Graphene is the backend system that powers KnowBe4's SecurityCoach product. Before we start explaining the microservice style in Graphene, it is useful to compare it to the monolithic style. In a monolithic style architecture, applications are built as a single unit. In a micrososervice style architecture, applications are divided into individual services that model a business domain. Such services can be deployed independently. The diagram below Fig. 1 clearly shows the difference between these two architectural styles.
Fig. 1 Monolithic vs Microservice Architecture
We would like to share with you our journey of migrating a Monolith into Microservices.

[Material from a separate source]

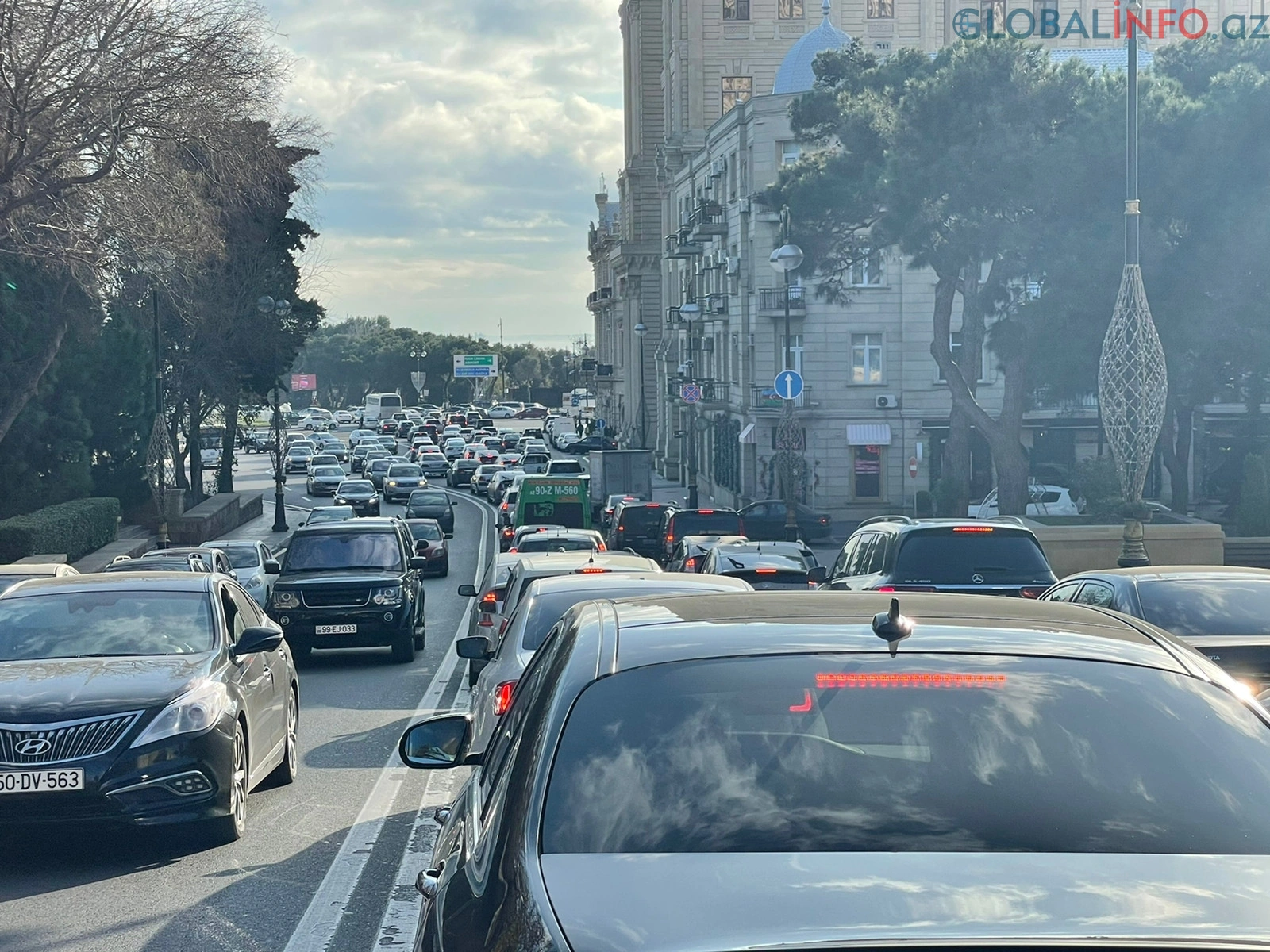 Bakının bir sıra yollarında nəqliyyatın sıxlığı müşahidə olunur.

From product perspective, Graphene integrates with leading cybersecurity products including Crowdstrike, Zscaler, Okta, Netskope and many others. The Graphene platform analyzes real-time user behavior that poses a potential security risk and pushes micro-learning modules to educate and inform the user in response to their risky behavior.
The Graphene Architecture has evolved over the last 3 years. In this section, we will briefly review our journey finding the right architecture for this data-intensive application.
We started our journey back in 2019. As you can guess, the first version of Graphene was a monolithic system. For a start-up, this was the right choice. We used Django and its built-in Model-View-Controller (MVC) pattern. In Django, with respect to MVC, most of the good stuff happens in the Model-Template-View (MTV). We had HTML templates and database models in one single code repository.
We had the entire team contributing to this single codebase. According to Conway's law that "software architecture reflects the structure of the team", it is not surprising that a monolithic architecture was developed. A monolithic system was much faster to build in the early days. It also enabled us to iterate faster by incorporating early customers' feedback to improve the product.
However, we started to pay for the cost with constant fire-drills when there were frequent production outages. It was uncanny when every Friday afternoon seems to stir up the kraken in the monolith!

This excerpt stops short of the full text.